RUN curl -sSL https://install.python-poetry.org | python3 -

COPY dist /src/repo/dist 
COPY pyproject.toml /src/repo/
COPY poetry.lock /src/repo/

WORKDIR /src/repo

RUN $HOME/.local/bin/poetry config virtualenvs.create false
RUN $HOME/.local/bin/poetry install --no-root --only main

As you can see, we want to make sure we are using supported Prefect Docker Images. This is useful even though your own project may install a different version of Prefect.

These environments will be defined in your Poetry pyproject.toml.

[build-system]
requires = ["poetry-core"]
build-backend = "poetry.core.masonry.api"

[tool.prefect.envs.base]
python_version = "3.10"
dockerfile_path=".docker/main/Dockerfile"
docker_build_context="<code directory>"  # this is optional and will default to '.'

These are project level images that can be leveraged by any flow.

Flow Deployment and Deployment Configurations

The purpose of this deploy-flows is to:

  • Using the tool.prefect.flows_folder configuration, find Python files that end in _flow.py and attempt to deploy them to Prefect.
  • The deployment of a flow consists of:
    • Registering the proper ECS Task Definition.
    • Creating an ECS Task Block in Prefect that defines the flow's task definition.
    • Registering the flow's deployment configurations with Prefect. A flow can have multiple deployment configurations. Deployment documentation is found here.

We will be leveraging Github for flow storage. This works well because we can map our deployments and agent queues to Github branches.
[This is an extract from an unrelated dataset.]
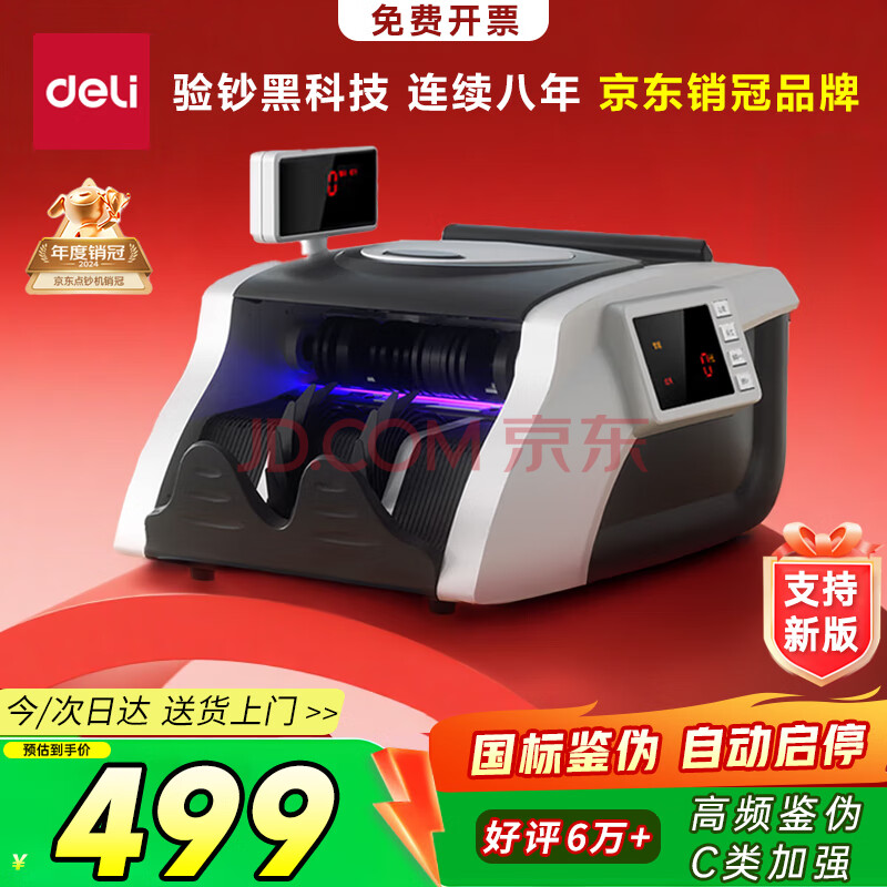 得力点钞机 验钞点钞机小型便携验钞支持新版人民币 银行专用收银商用数钱机双屏C类技术升级92606S

Branch main-v2 will be used for releasing production ready flow deployments. These will run on AWS production infrastructure using the main Prefect agent.
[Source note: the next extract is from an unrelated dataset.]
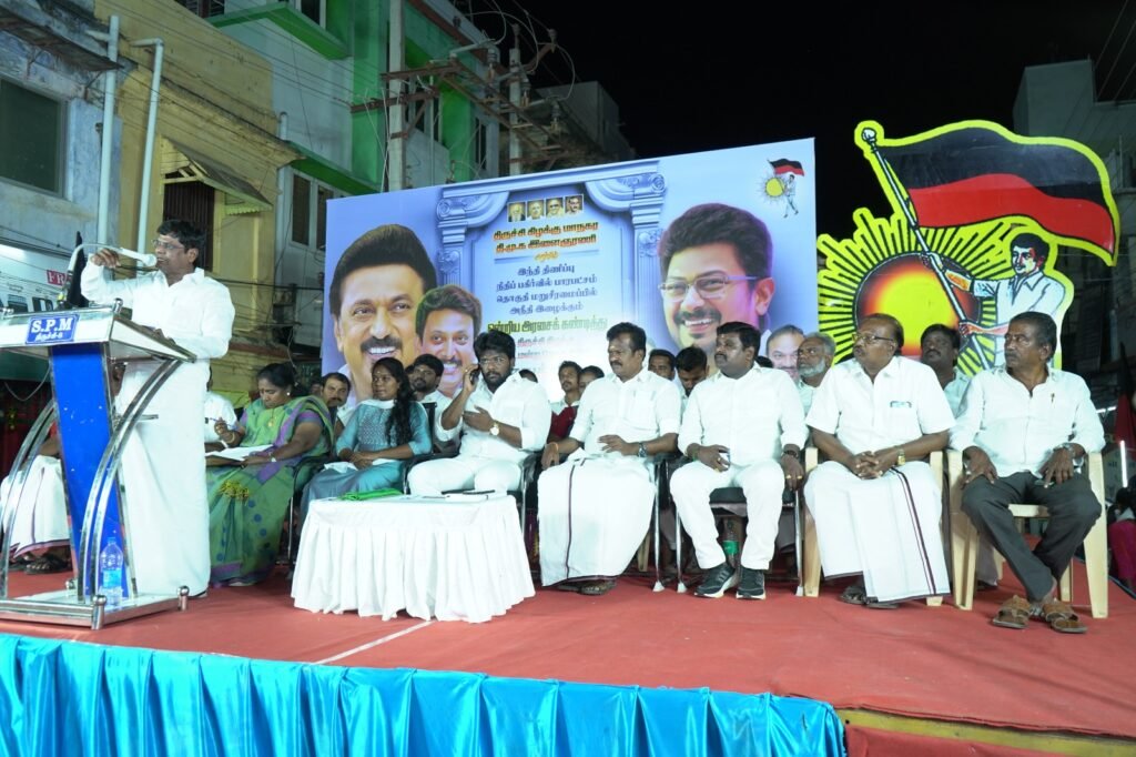 பாராளுமன்ற தொகுதி மறு சீரமைப்பு என்ற பெயரில் அநீதியை இழைப்பது என பல்வேறு அநீதிகளில் ஈடுபடும் ஒன்றிய அரசை கண்டித்து திருச்சி தெற்கு மாவட்ட செயலாளரும், தமிழக பள்ளிக்கல்வித்துறை அமைச்சரும்மான அன்பில் மகேஸ் பொய்யாமொழி அறிவுறுத்தலின்படி திருச்சி தெற்கு மாவட்ட மாநகர இளைஞரணி சார்பில் சின்ன கடை வீதி பகுதியில் மாபெரும் பொதுக்கூட்டம் நடைபெற்றது இந்த பொதுக்கூட்டத்தில் மாநகர இளைஞரணி அமைப்பாளர் முத்து தீபக் தலைமை வகித்தார்

Branch staging-v2 will be used for pre-release flow deployments. These will run on AWS production infrastructure using the staging Prefect agent. The idea here is that these flows should only have access to leverage resources approved for staging. This will be done via a combination of IAM access and loading certain credentials via secrets manager.

The dev-v2 can be used to test deployments locally against a local Prefect instance or Prefect Cloud via the dev agent. Flow deployments submitted via this agent will run in the AWS development account.

The folder to look for flows is defined in the pyproject.toml.

[tool.prefect]
flows_folder = "tests/test_flows"

Once a flow file is found, we look for a global variable in the file called FLOW_SPEC.

This variable must be an instantiated FlowSpec object.

from prefect import flow, task
from prefect.server.schemas.schedules import CronSchedule

from common.deployment import FlowDeployment, FlowEnvar, FlowSpec


@task()
def task_1():
    print("hello world")


@flow()
def flow_1():
    task_1()


FLOW_SPEC = FlowSpec(
    flow=flow_1,
    docker_env="base",
    secrets=[
        FlowEnvar(envar_name="MY_SECRET_JSON", envar_value="/my/secretsmanager/secret")
    ],
    ephemeral_storage_gb=200,
    deployments=[
        FlowDeployment(
            deployment_name="base",
            cpu="1024",
            memory="4096",
            parameters={"param_name": "param_value"},
            schedule=CronSchedule(cron="0 0 * * *"),
            envars=[
            FlowEnvar(envar_name="EXTRA_PIP_PACKAGES", envar_value="pandas")
    ],
        )
    ],  # type: ignore
)

The models are Pydantic models, so the inputs are validated.

FlowSpec fields as a whole, control how the task definition is created. Any AWS ARN/URI specifics are added for you. The docker_env must exist in the pyproject.toml.

FlowDeployment controls how the Prefect Deployments are registered.

Screenshots can be found here.

Contributing

PRs from the Pocket Team are welcomed given that changes are made with the understanding that this is meant to be shared code Prefect v2 flows.

Notes

A subproject example can be found in the data-products project folder at the root of the git repo. This is where the Pocket Data Products Team will author flows.

Links

More links to come...

Licensing

The code in this project is licensed under Apache-2.0 license.